Figure 1. The walls and ceiling of the Electroland Target breezeway are lined with an electronic “intelligent skin” composed of more than 24,000 LEDs behind translucent white glass, creating intense RGB light effects. Electroland software, integrated with the Tyzx technology, can modulate patterns depending on the number of visitors, the time of day and the level of activity in the room.

People entering the space are assigned a “personality” and an individualized light pattern follows them around the space. The participants can influence and change the illuminated patterns in the room simply by moving around and by making various gestures.

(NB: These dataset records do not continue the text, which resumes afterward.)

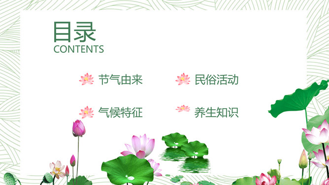 荷花大暑节气主题PPT模板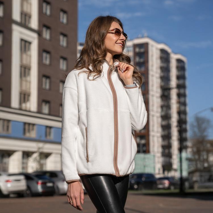Женская куртка-толстовка на молнии, с воротником-стойкой и накладным карманом.Материал: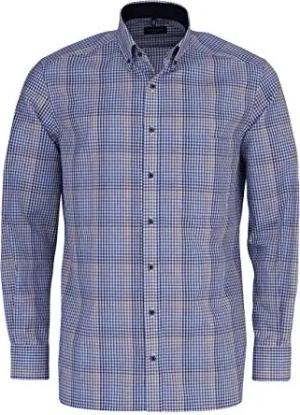 Modern Fit Hemd Langarm Button Down Kragen Karo Navy Größe 38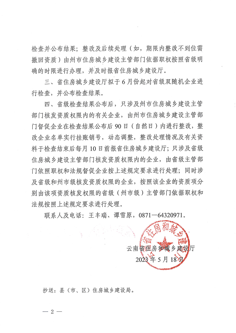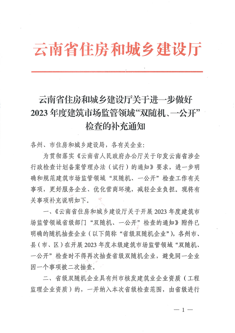 云南省住房和城鄉(xiāng)建設(shè)廳關(guān)于進一步做好2023年度建筑市場監(jiān)管領(lǐng)域“雙隨機、一公開”檢查的補充通知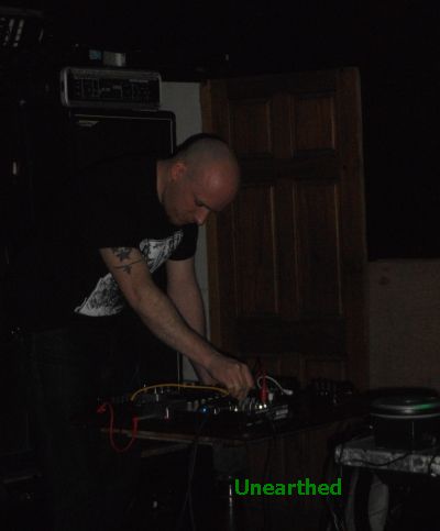 Opening this great evening of mainly Hash Noise wall is London based project Unearthed. Like many HNW projects this is a one man project, and the one man behind this project is London based Robert Meldrum who runs Spider tapes who have organized tonight’s great event. Meldrum is also behind horror bound Harsh noise & sinister ‘n’ caustic drone project Corpse Candle, and old movie sourced Harsh noise project Ghoul.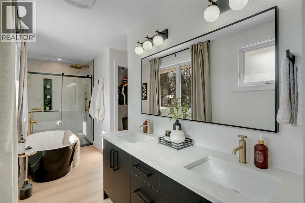 **SUNNY SOUTH BACK YARD | BEAUTIFUL RENOVATION | TRIPLE PANE WINDOWS **Renovations by Modern Evolution Design ,Tucked into an incredible location just steps from the natural beauty of Fish Creek Park, this home is the definition of a complete transformation. Fully renovated from top to bottom with meticulous attention to detail, it offers a rare blend of thoughtful design, high-end finishes, and everyday functionality. With miles of walking and biking paths practically at your doorstepâand the renowned Bow Valley Ranche Restaurant only minutes awayâyouâll love the lifestyle this location provides. Inside, the main floor feels bright, open, and welcoming, thanks to an abundance of natural light streaming through new triple-pane windows. The kitchen is truly the heart of the home and has been designed to impress even the most discerning buyers. Outfitted with all-new appliances including an induction stove, it features quartz countertops, soft-close cabinetry, a beautifully designed island, and plenty of workspace for cooking, gathering, and entertaining. The living room offers an expansive and comfortable setting, anchored by a striking custom feature wall and gas fireplaceâperfect for cozy evenings or hosting friends and family. The main level also features two generously sized bedrooms, including a stunning primary retreat. The five-piece ensuite feels spa-inspired with a double vanity, soaker tub, and separate shower. The primary suite also includes two closets, highlighted by a gorgeous walk-in closet that feels more like a boutique dressing space.Downstairs, the fully finished basement expands the living space beautifully. Here youâll find two additional spacious bedrooms, a stylish three-piece bathroom, a convenient dry bar, and a large entertainment area thatâs perfect for movie nights, guests, or family gatherings. Step outside to a sunny south-facing backyard thatâs fully fenced and ready to enjoyâwhether thatâs relaxing on warm evenings or hosting summer g et-togethers. The oversized double garage provides exceptional space for vehicles, storage, hobbies, or a workshop. Homes that undergo renovations at this level are incredibly rare. With its unbeatable location near parks, pathways, and amenities, combined with the quality of craftsmanship throughout, this is a property that truly stands apart. (id:27476)

The exhibit uses a 3-D vision system that can track up to thirty visitors with high accuracy and a very low error rate. This allows for precision down to 4 cm in translating individual motions into an engaging interactive experience. Person-tracking with a 3-D stereo camera can provide the location and movement of each individual precisely, even in a crowded environment. Although this particular application is primarily for entertainment, the same technology also is being tested for homeland security and other surveillance and defense-related applications.

Benefits of 3-D tracking

Many vision-based tracking systems have traditionally relied only on 2-D data, which is inherently sensitive to changing lighting. In contrast, 3-D evidence can be derived from nonparametric stereo correlation, which is essentially a comparison of left and right images using pixel relative intensity and texture information. The result is that lighting and apparent color can be changing constantly without degrading tracking results.

The DeepSea G2 stereo vision system from Tyzx Inc. of Menlo Park, Calif., employs low-cost custom CMOS chips and sophisticated 3-D cameras (Figure 2). The 3-D data is much easier to segment into discrete subjects, which means that people can be tracked even when they are substantially occluded from the view of a camera.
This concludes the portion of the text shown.